*Required action*
Reproduce exactly the run of lines that begins with the one containing "This month's Full" and ends with the last line of the records, omitting pictures.

*Data for this exercise*
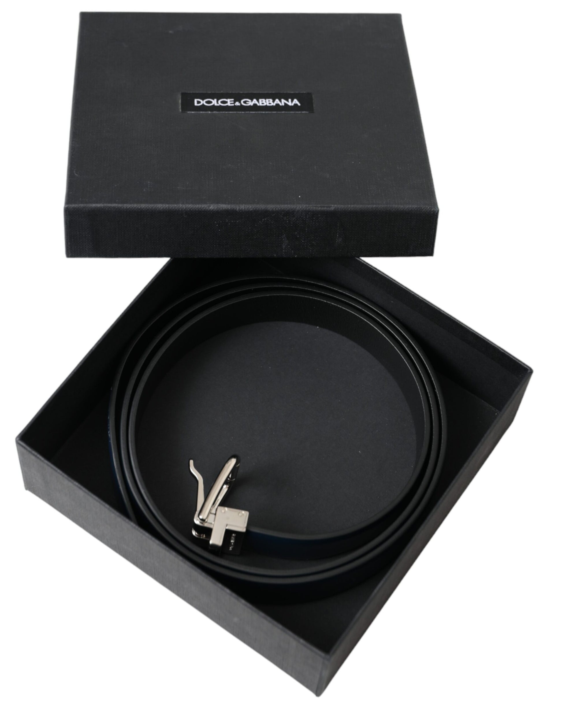 Dolce & Gabbana Blue Calf Leather Silver Metal Buckle Belt Men
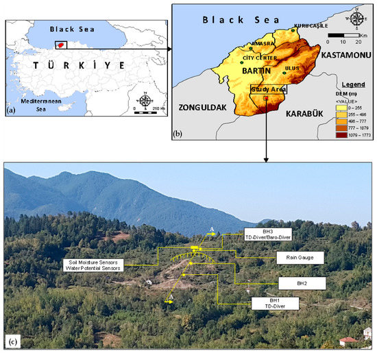 Bartin is located in the Western Black Sea Region of Türkiye (Figure 1). Rainfall-induced landslides are quite frequently observed in the city. Topography, climate and ground profile provides a suitable environment for rainfall-induced landslides. In the studies conducted in the past, it has been reported that sudden and multiple landslides occurred in the city, especially after the rainfall events in 1985, 1998 and 2016. The landslides in 1985 occurred in April as a result of snowfall in the winter season and the subsequent rains. The landslides in 1998 developed as a result of continuous rain on 20–21 May. The reason for the landslides which occurred in 2016 was heavy rain on 12–13 August. Some singular landslide cases were also observed at various times in other years. According to GIS-based studies carried out for Bartin by the Türkiye Disaster Affairs General Directorate, landslides that occurred in the city were concentrated in the Cretaceous flysch deposits, which are defined as the Ulus formation. According to Reference [44], the Ulus district of Bartin, which gave its name to the Ulus formation, is the district where the most landslide cases occur in Türkiye. As a result of landslides in the past, significant damage to the infrastructure and superstructure occurred, and many agricultural and forest areas became unusable.
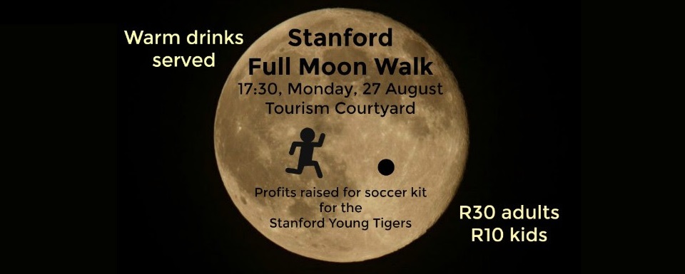 This month's Full Moon Walk raises funds for the Young Tigers Soccer Kit. Join us for a walk around the village, wrap up warmly, and stay for a complimentary warm drink. R30 adults, R10 kids, dogs on leash welcome. Weather dependent.
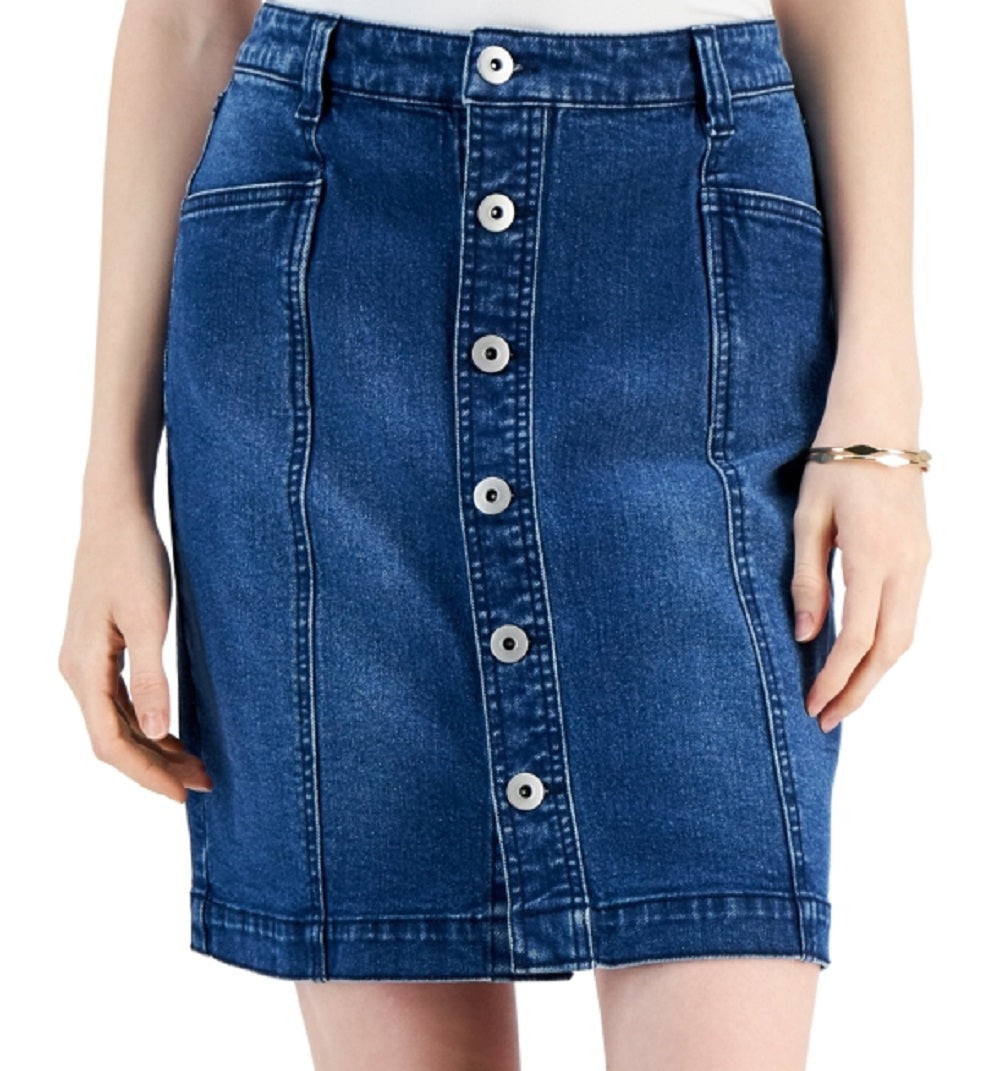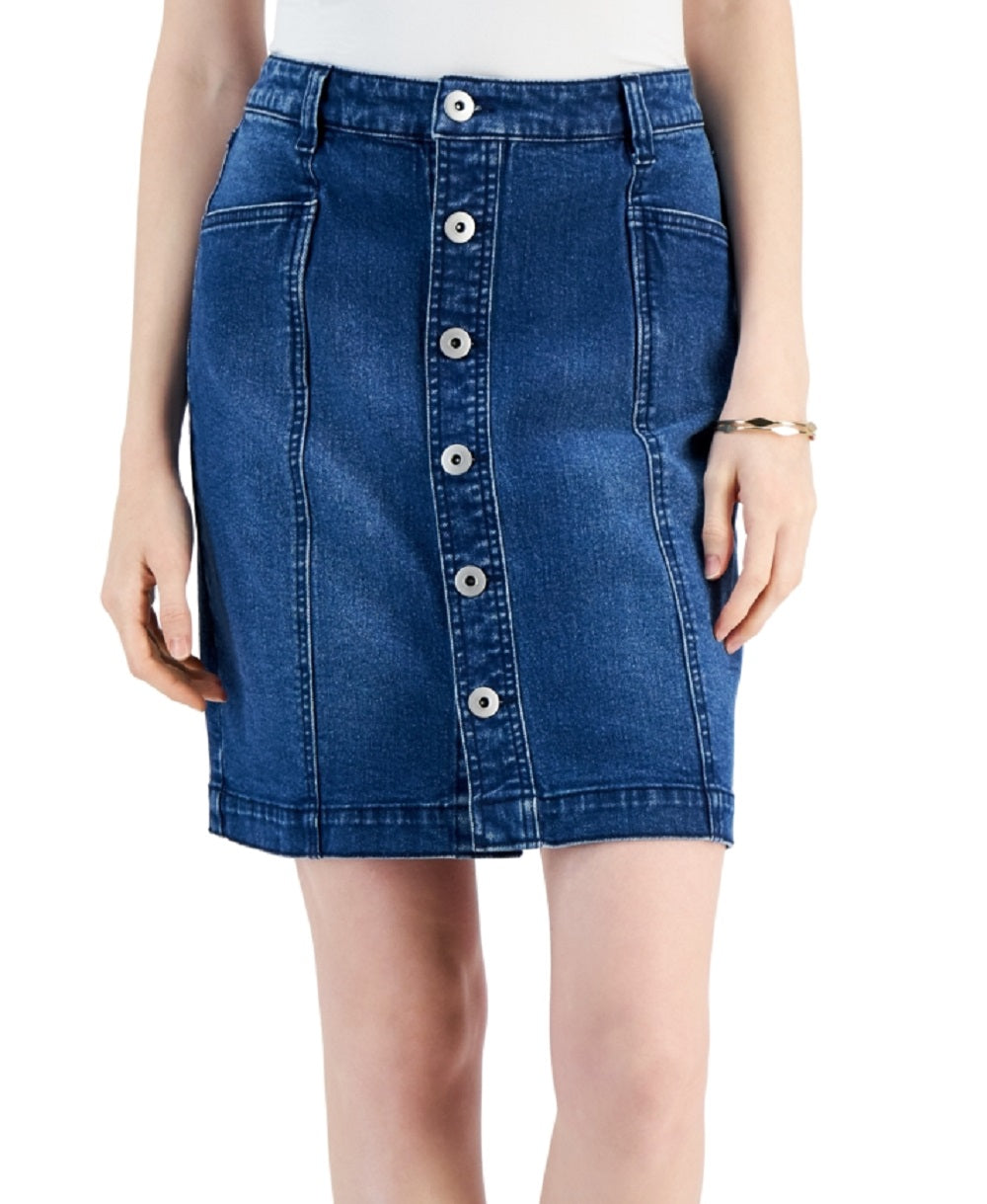 A button-down front lends classic denim style to this relaxed skirt from Style & Co| designed with plenty of handy pockets|
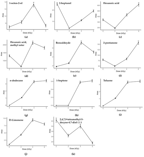 Normalized areas (mean ± standard error) of VOCs, representative for each class in Brie samples at 0 kGy (non-irradiated), 2.0 kGy, 4.0 kGy and 6.0 kGy: (a) 1-octen-2-ol; (b) 2-heptanol; (c) Hexanoic acid; (d) Hexanoic acid, methyl ester; (e) Benzaldeyde; (f) 2-pentanone; (g) n-dodecane; (h) 1-heptene; (i) Toluene; (j) D-Limonene; (k) 2,4,7,9-tetramethyl-5-decyne-4.7-diol (±).
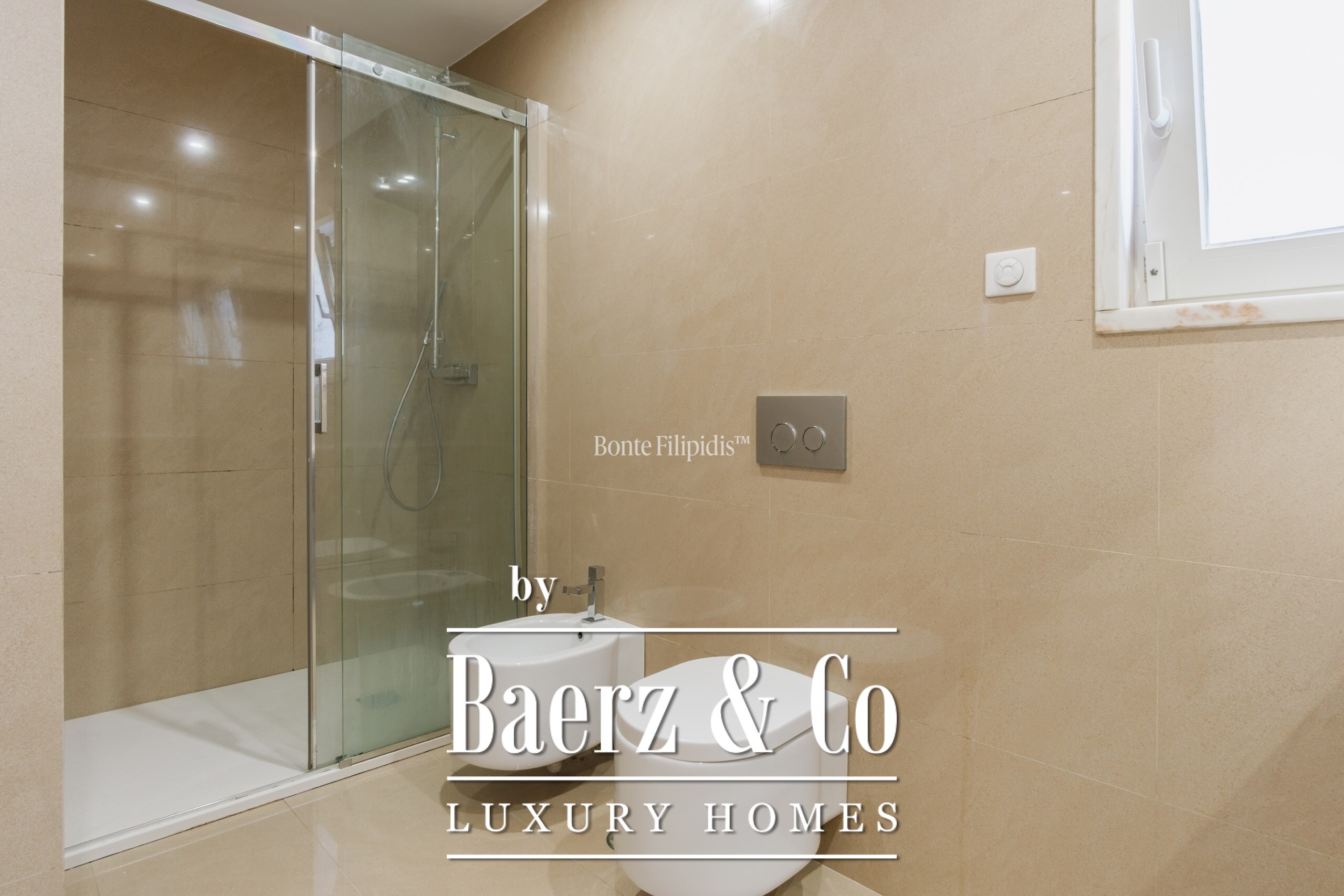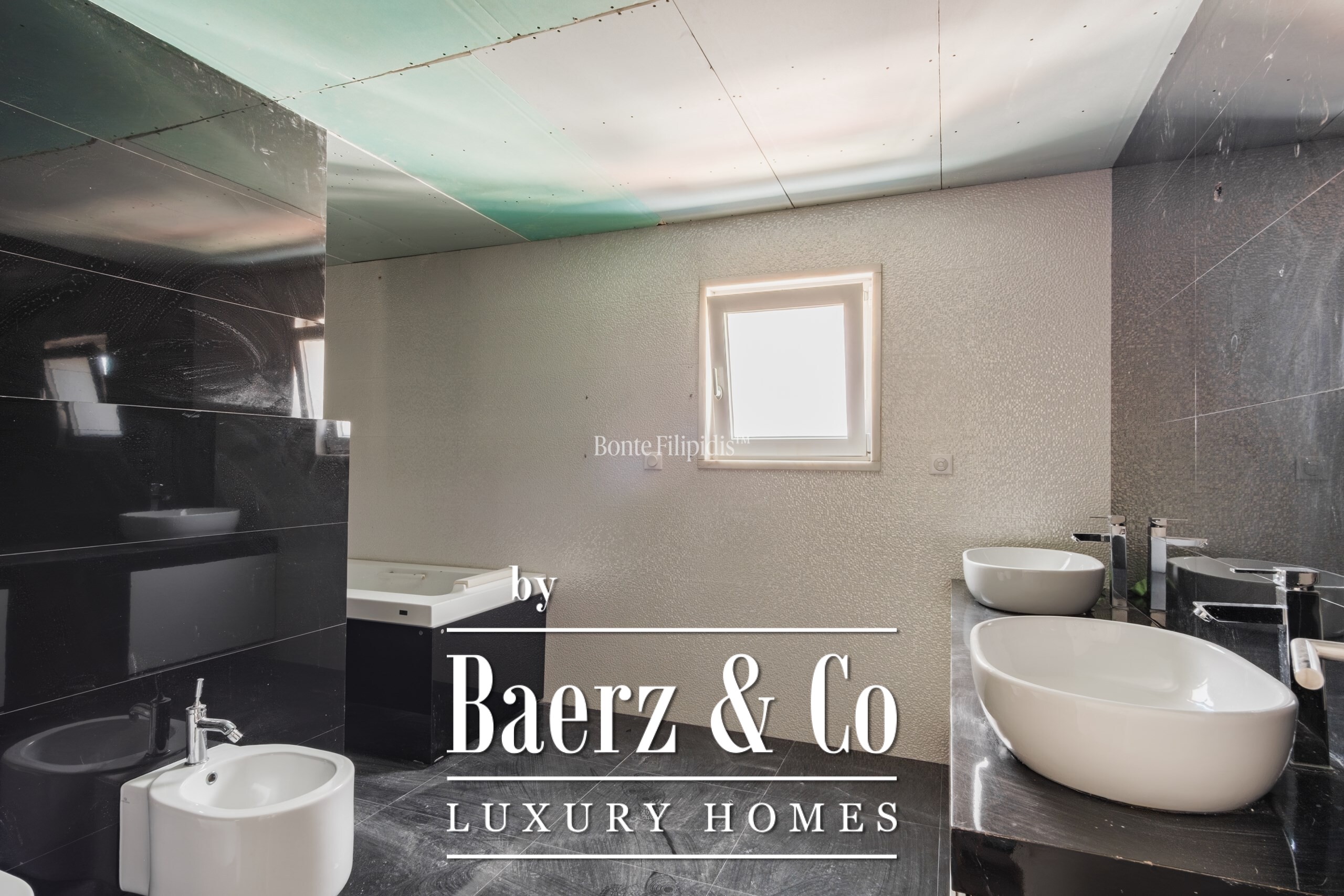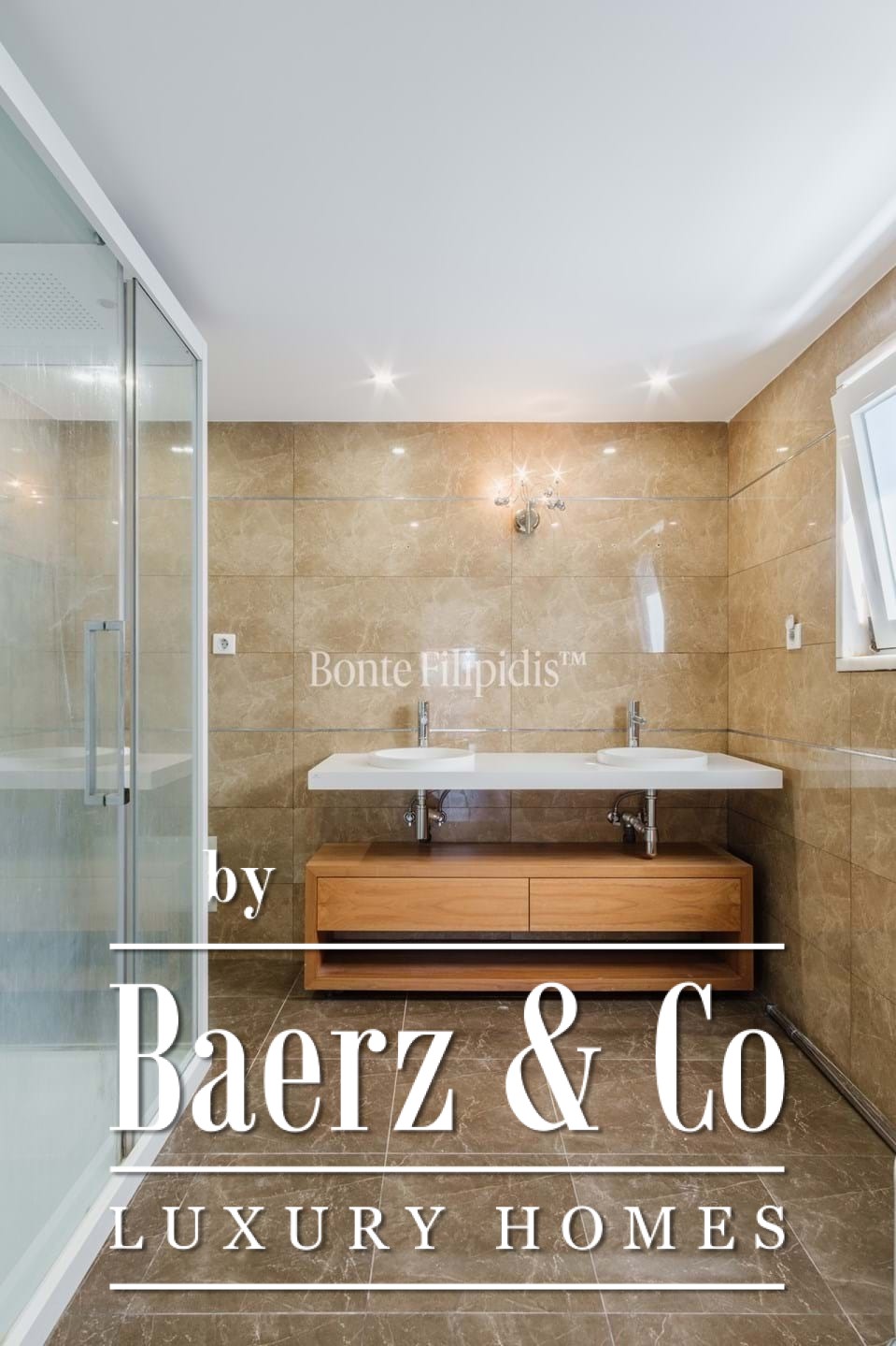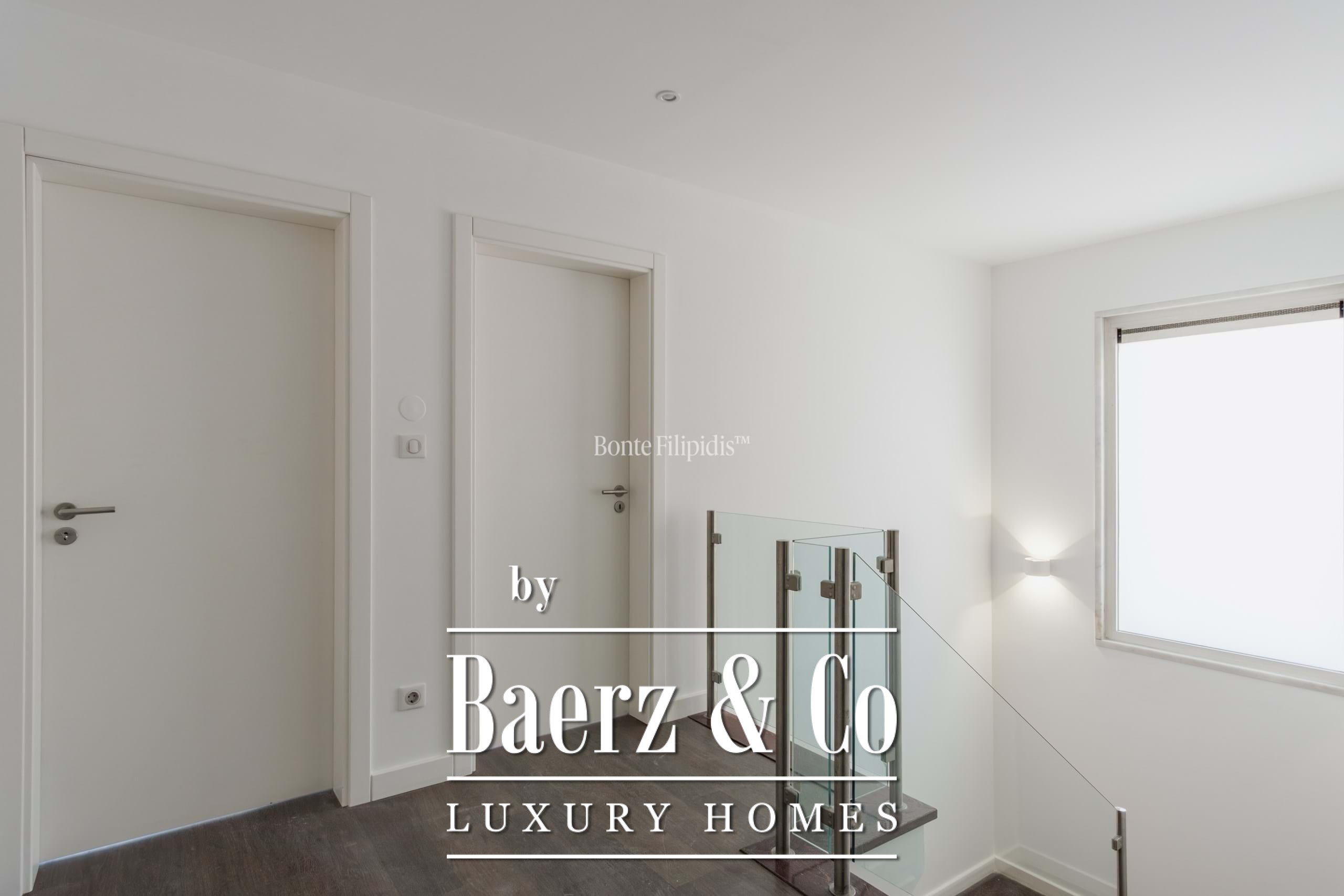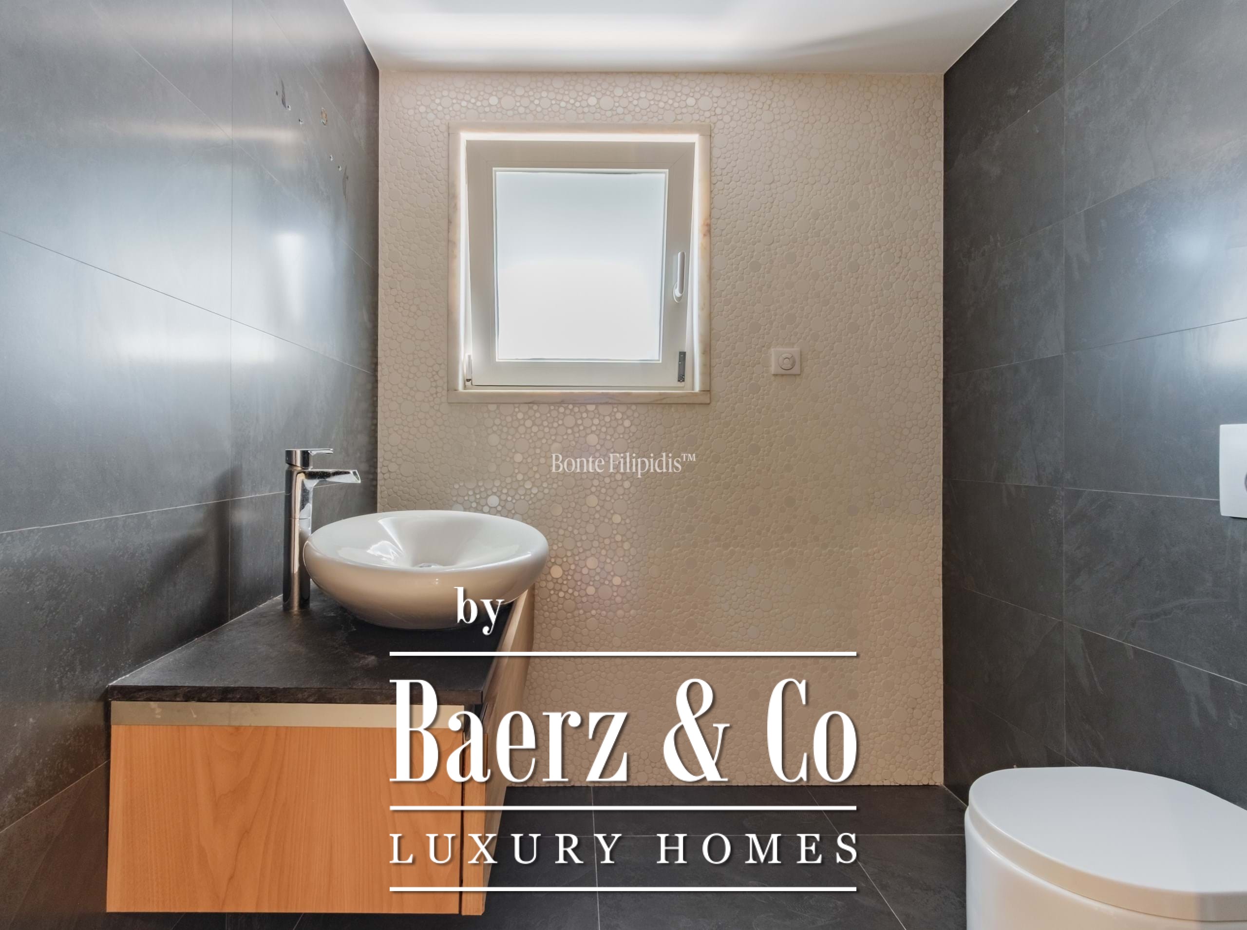 Underfloor heating runs throughout, providing comfort across every season. The villa features a private 35 m² swimming pool, a landscaped garden, and practical details including a garage for three vehicles plus an additional parking space. Four bathrooms balance function and privacy for family and guests.

*Response to the task*
 This month's Full Moon Walk raises funds for the Young Tigers Soccer Kit. Join us for a walk around the village, wrap up warmly, and stay for a complimentary warm drink. R30 adults, R10 kids, dogs on leash welcome. Weather dependent.
 A button-down front lends classic denim style to this relaxed skirt from Style & Co| designed with plenty of handy pockets|
 Normalized areas (mean ± standard error) of VOCs, representative for each class in Brie samples at 0 kGy (non-irradiated), 2.0 kGy, 4.0 kGy and 6.0 kGy: (a) 1-octen-2-ol; (b) 2-heptanol; (c) Hexanoic acid; (d) Hexanoic acid, methyl ester; (e) Benzaldeyde; (f) 2-pentanone; (g) n-dodecane; (h) 1-heptene; (i) Toluene; (j) D-Limonene; (k) 2,4,7,9-tetramethyl-5-decyne-4.7-diol (±).
 Underfloor heating runs throughout, providing comfort across every season. The villa features a private 35 m² swimming pool, a landscaped garden, and practical details including a garage for three vehicles plus an additional parking space. Four bathrooms balance function and privacy for family and guests.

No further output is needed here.